# Prompt:
From the line that contains "Download or print" to the last line of the data below, transcribe every line exactly. Do not include the pictures.

# Source material:
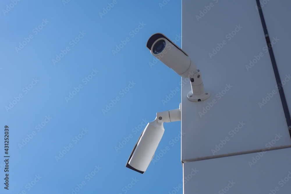 CCTV monitoring. Outdoor video surveillance camera for object protection.
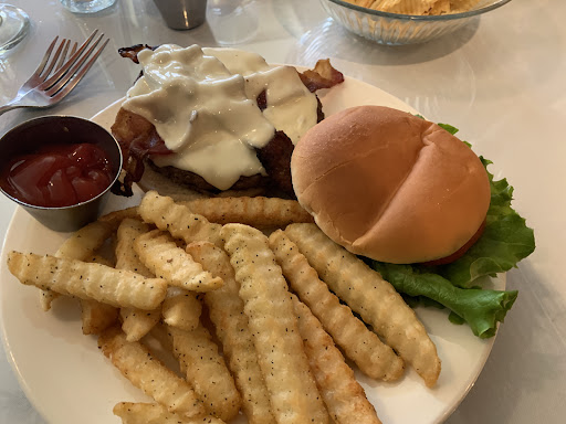 Arrived before 1 PM on a Tuesday. Although the place was half empty, it took a while for the server to show up and take our drink orders. The table had not been cleaned since the previous customers and there were water rings and crumbs in front of us. She didnât actually clean our table until the rolls had been served and weâd started eating. So while weâre eating, she cleans the table and we are overpowered by the smell of disinfectant cleaner. We wanted soup, but they were all out of soup for the day. So we went for the special written on the board right next to our table, but the server said that was yesterdayâs special. So I went for the Philly steak panini, and the server said they were out of that as well. It was one of those âwell can you tell me what you DO have?â situations. I settled for a burger and fries. The burger was nothing special - it came dry with no condiments, and the server didnât ask me if I wanted any condiments.
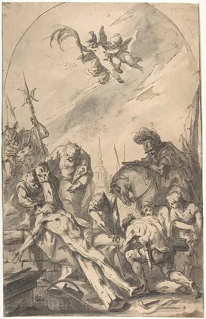 The Martyrdom of Saint Andrew (recto); Back of a Woman Wearing a Long Dress with a Ruff (verso)
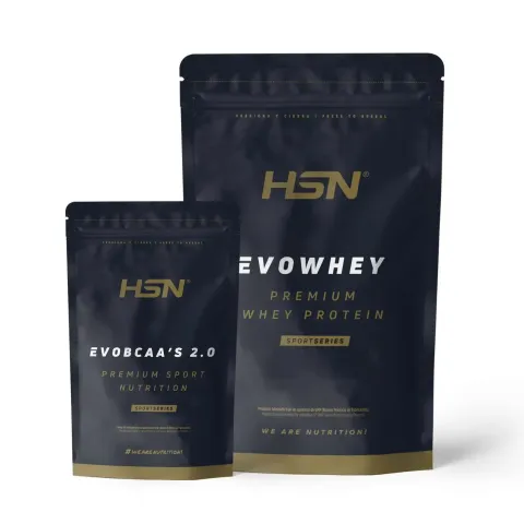 Pack doble que combina Evowhey Protein 2 kg (concentrado de suero lácteo) y Evobcaa's 500 g (BCAAs con L-Glutamina Kyowa® en ratio 12:1:1), dos de los más vendidos de HSN SportSeries.
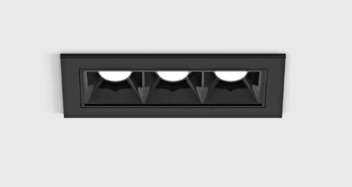 Stropní podhledové bodové buňkové svítidlo, těleso hliník, povrch černá, rámeček černá, LED 4,5W, 336lm, teplá 3000K/neutrální 4000K, vyzař. úhel 36°, Ra90, 230V, IP20, rozměry 83x45x38mm.
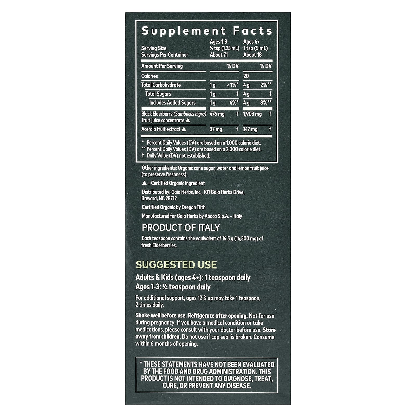 O Xarope de Sabugueiro Preto é produzido na Toscana, Itália, pela Aboca, o suplemento de ervas líder na Europa desde 1978. A parceria da Gaia Herbs com a Aboca nasceu de uma crença mútua no desenvolvimento de produtos sustentáveis, dedicação à qualidade e um profundo respeito pela ciência e pela natureza trabalhando em harmonia.
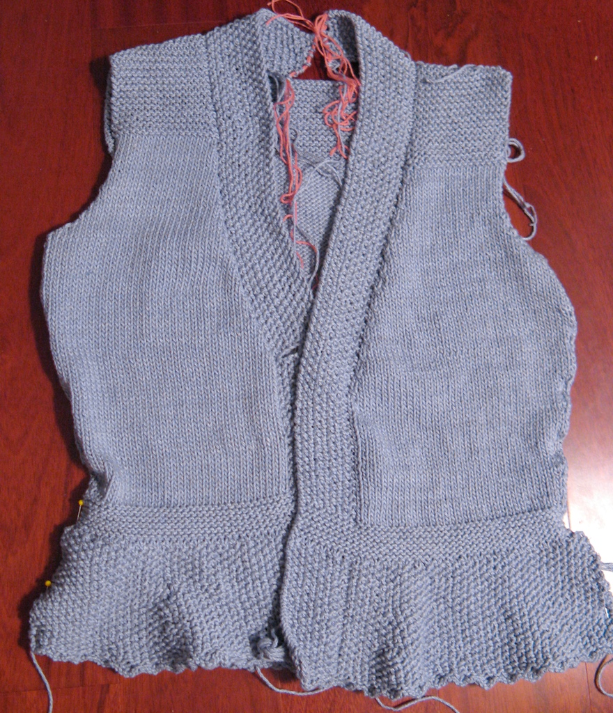 working up into a nice firm fabric on relatively small needles and the color, a subtle gray-blue, is great, so I’ll stick with it, but I probably wouldn’t use it again. Funny, I’ve used Saucy before (in the sportweight) and I had a completely different experience… the yarn was much more matte, and also the quality was much better. I tried something new for the buttonholes, the “Tulip’s Improved Horizontal Buttonhole” from the Summer 2010 Interweave. I bound off/cast on 4 stitches for each. This method does create a nice neat buttonole, which is certainly more stable than the k2tog, yo method. I look forward to picking out big, pretty buttons for this project. I’m hoping to make quick work of the sleeves and have a FO soon.
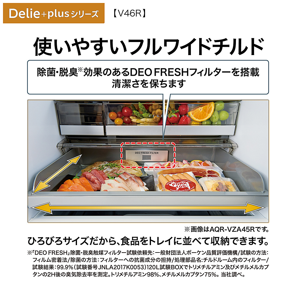 ※「DEO FRESH」除菌・脱臭触媒フィルター試験依頼先:一般財団法人ボーケン品質評価機構/試験の方法:フィルム密着法/除菌の方法:フィルターへの抗菌成分の担持/処理部品名:チルドルーム内のフィルター/試験結果:99.9%(試験番号JNLA2017K0053)120L試験BOXでトリメチルアミン及びメチルメルカプタンの2H後の臭気除去率を測定。トリメチルアミン98%、メチルメルカプタン75%。当社調べ。
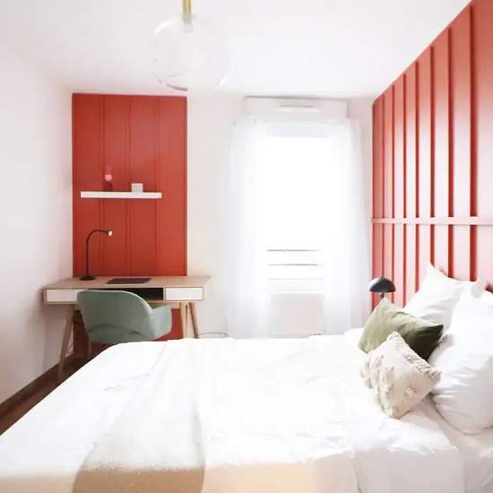 Welcome to Lille! Discover this 12 m² bedroom for rent in a very nice 100 m² duplex. Chic and contemporary, this fully equipped bedroom is just a few minutes from public transportation and amenities (supermarkets, gyms). This beautiful bedroom, with embossed walls punctuated with burgundy color, has a sleeping area and a working area where you can work and study in the best environment. Both are furnished. With the coliving, you will not have to worry about the additional costs associated with your coliving bedroom. Home insurance and intern...
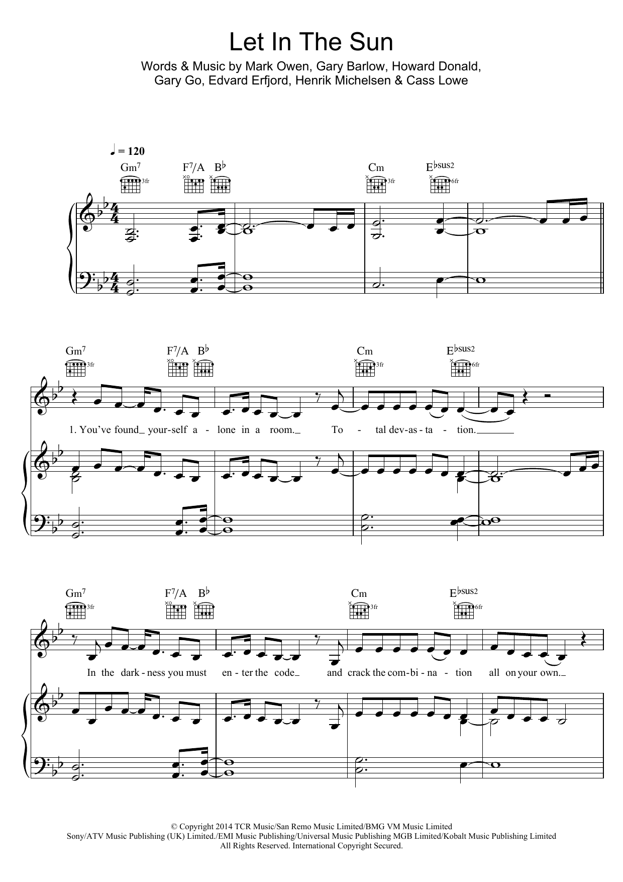 Download or print Take That Let In The Sun sheet music, chords and digital score arranged for Piano, Vocal & Guitar Chords. This Pop score includes 6 page(s).
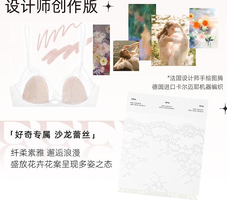 好奇蜜斯(Miss Curiosity)小胸法式内衣女性感无钢圈文胸罩套装大胸显小蕾丝纯欲薄 艾菲
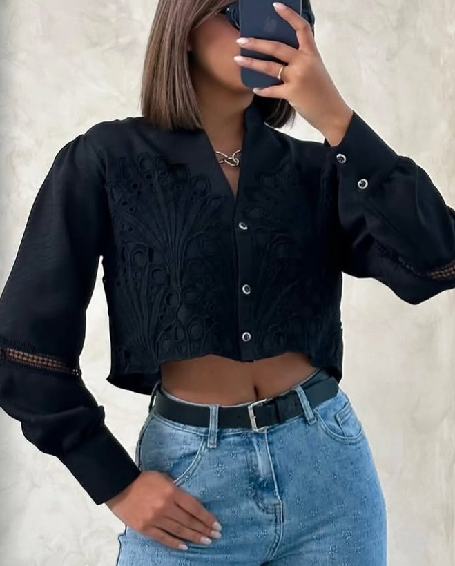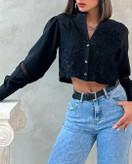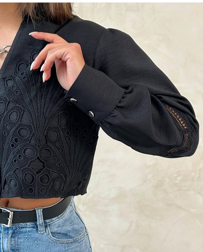 بلوز مشکی گیپور کراپ

# Answer area:
 Download or print Take That Let In The Sun sheet music, chords and digital score arranged for Piano, Vocal & Guitar Chords. This Pop score includes 6 page(s).
 好奇蜜斯(Miss Curiosity)小胸法式内衣女性感无钢圈文胸罩套装大胸显小蕾丝纯欲薄 艾菲
 بلوز مشکی گیپور کراپ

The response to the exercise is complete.